6. The volume allocation management apparatus according to claim 1, wherein the system configuration information about one of the past processing system and the new processing system includes configuration information about middleware configuring one of the past processing system and the new processing system and volume configuration information in a storage system used by one of the past processing system and the new processing system.

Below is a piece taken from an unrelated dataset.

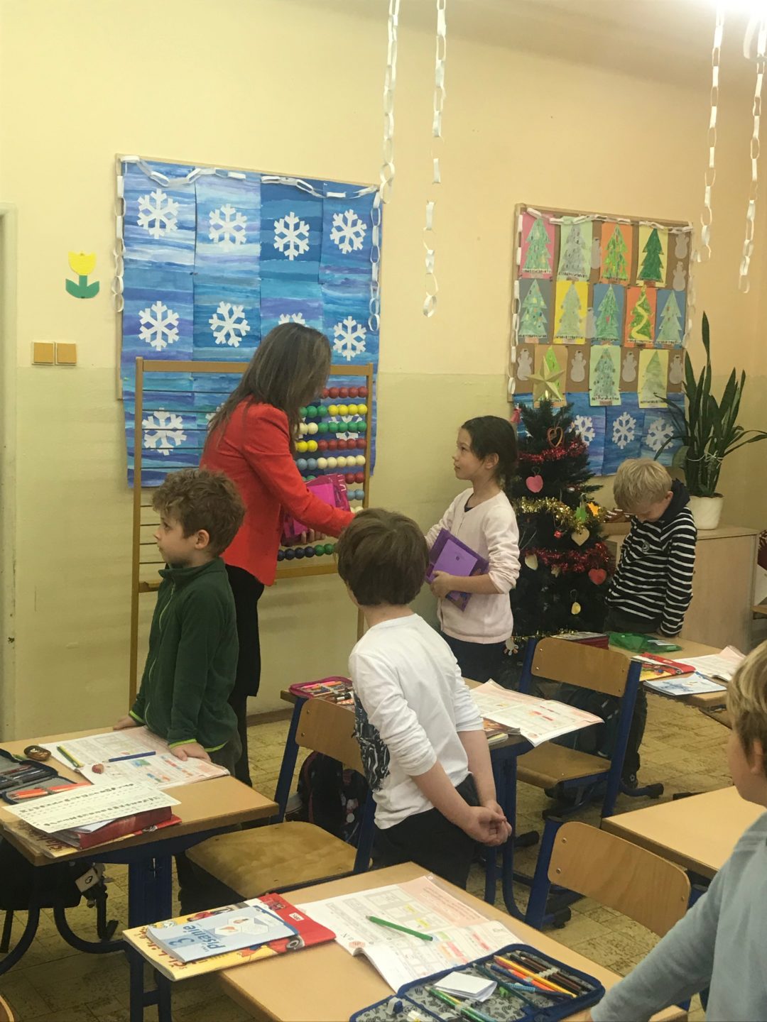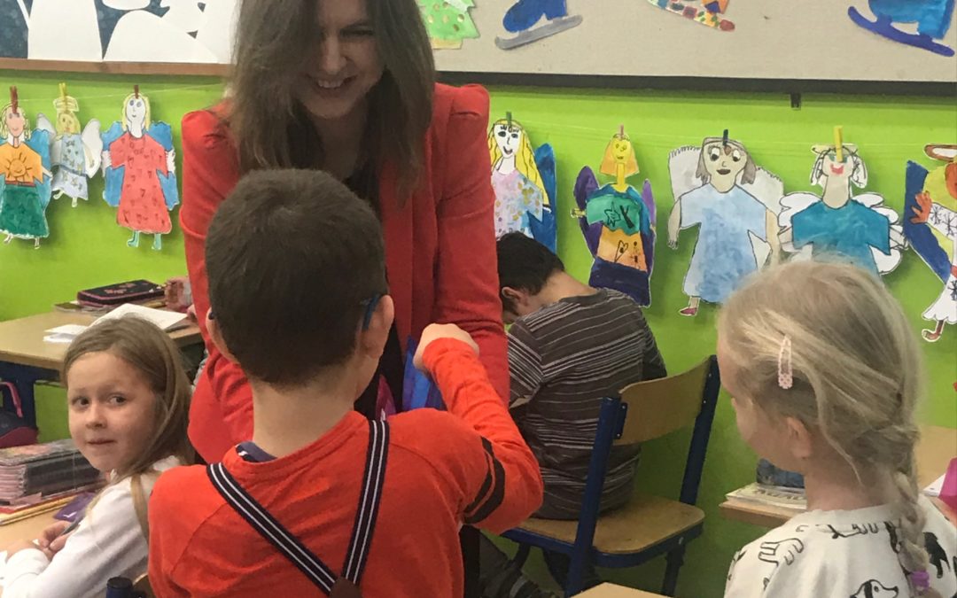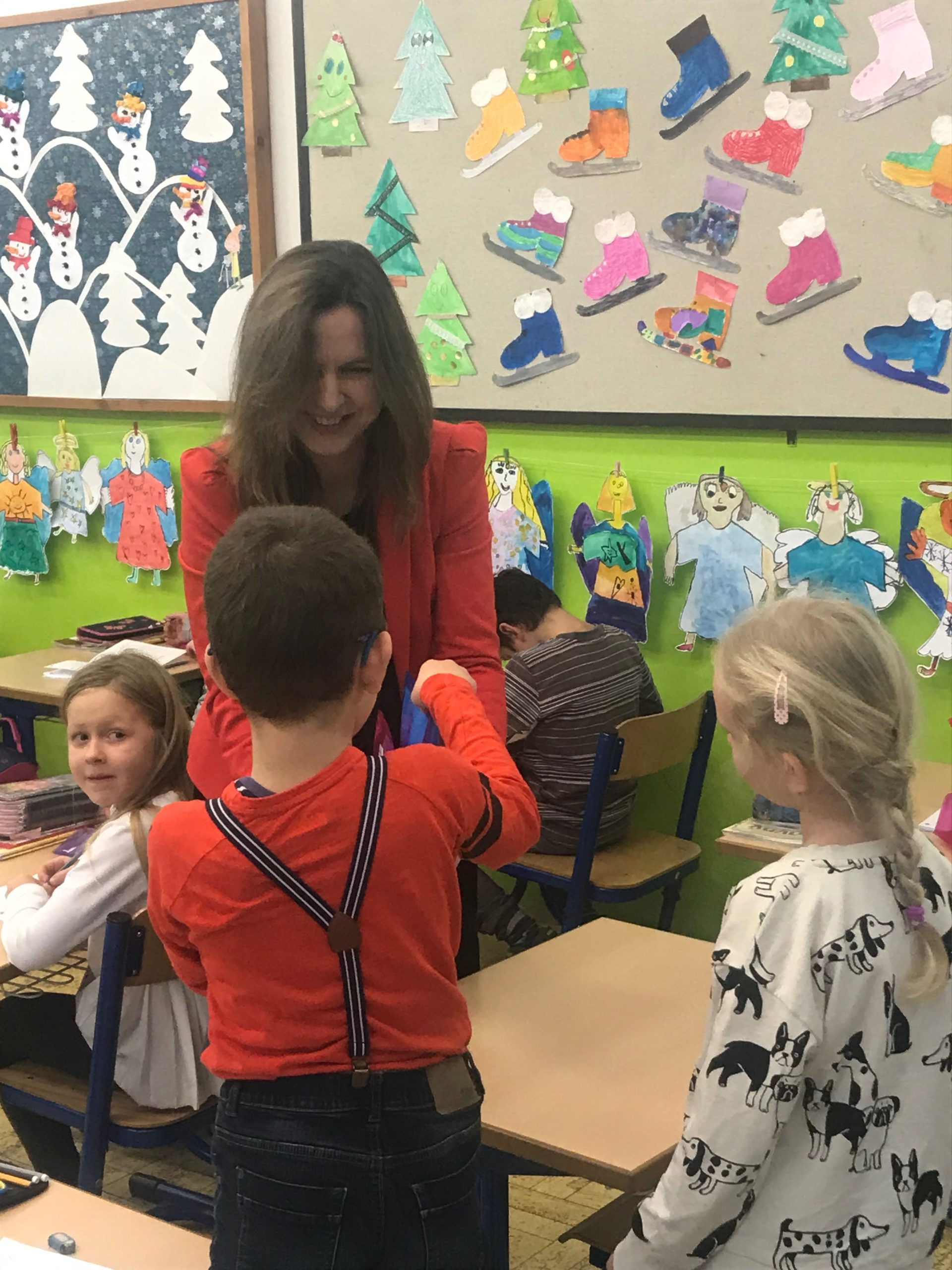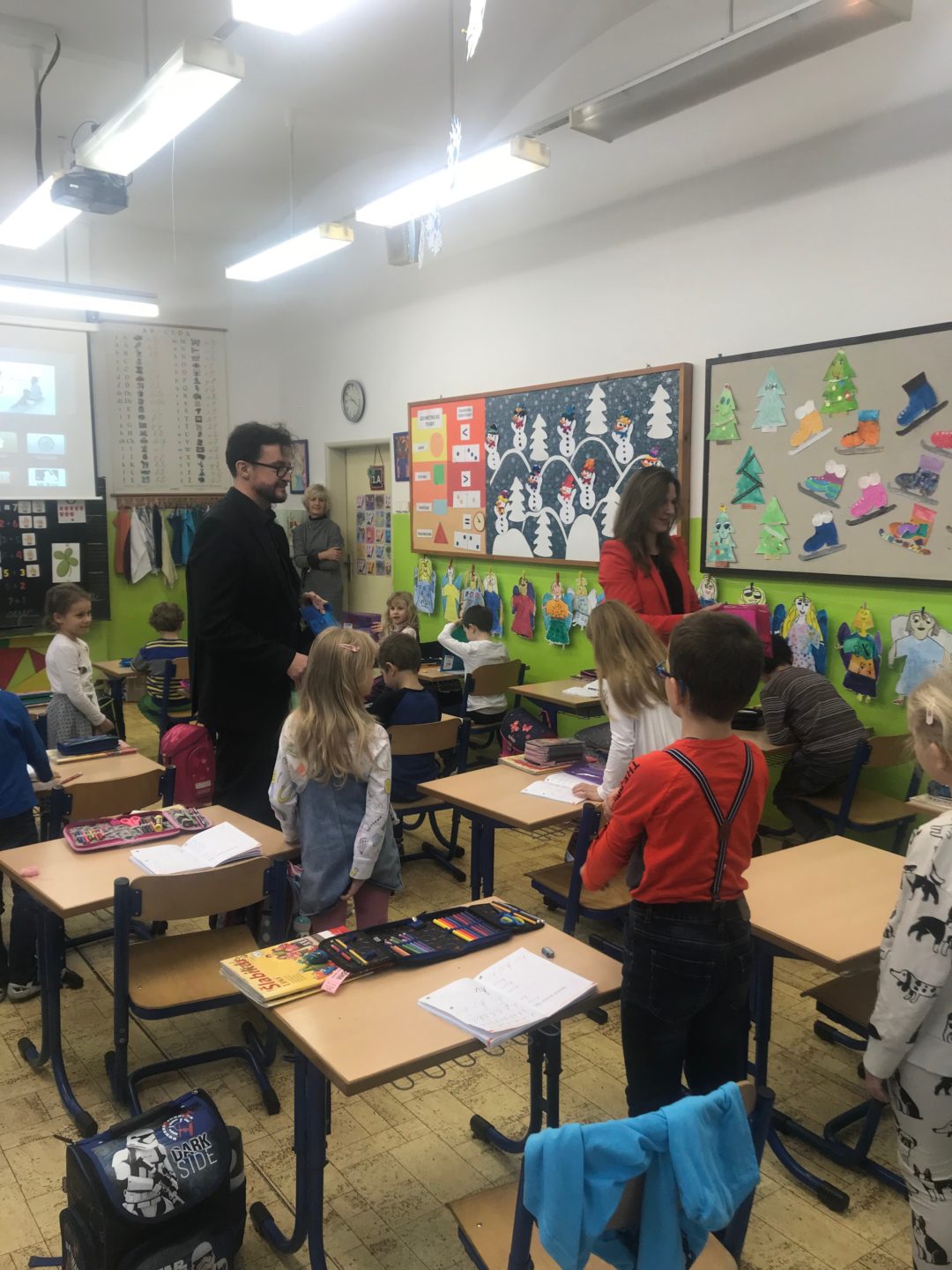 Ing. arch. Zuzana Aufrichtová, starostka mestskej časti Bratislava-Staré Mesto navštívila žiakov prvého ročníka, aby ich pozdravila a porozprávala sa s nimi o tom, ako sa im darí. Priniesla každému hodnotný darček v podobe školských potrieb. Deti mali veľkú radosť a okrem poďakovania predviedli, čo sa už v škole naučili. Zaspievali pesničky, zarecitovali básničky a pochválili sa svojimi písankami. Okrem toho pani starostka odovzdala pani riaditeľke Mgr. Etele Hessovej ešte jeden darček, tentokrát pre všetkých žiakov, projektor a plátno.

7. The volume allocation management apparatus according to claim 2, wherein, when a match is found in feature items for a plurality of subsystems in each of the past processing system and the new processing system, the similarity determiner assumes a plurality of subsystems having a matching feature item to be one subsystem and determines the similarity based on the number of subsystems in the past processing system and the new processing system.

8. The volume allocation management apparatus according to claim 7, wherein the similarity determiner determines similarity to be a lowest value when the number of subsystems differs in the past processing system and the new processing system.

9. A volume allocation management method using a volume allocation management apparatus that manages allocation of a volume in a storage system configured by a plurality of general-purpose server nodes, comprising:

acquiring system configuration information in a past processing system using a past volume and acquiring performance information about the past volume in the past processing system;

acquiring system configuration information about a new processing system using a new volume;

determines a past processing system similar to a system configuration of the new processing system based on system configuration information about the past processing system; and

predicting load information about the new volume based on performance information about a past volume used by a past processing system determined to be similar and determining an allocation plan for the new volume based on prediction contents of the load information.

10. A volume allocation management program performed by a computer configuring a volume allocation management apparatus that manages allocation of a volume in a storage system configured by a plurality of general-purpose server nodes, the volume allocation management program allowing the computer to function as:

a configuration information acquirer that acquires system configuration information about a new processing system using a new volume;

a similar system determiner that determines a past processing system similar to a system configuration of the new processing system based on system configuration information about the past processing system;

a load predictor that predicts load information about the new volume based on performance information about a past volume used by a past processing system determined to be similar; and

an allocation plan determiner that determines an allocation plan for the new volume based on prediction contents of the load information.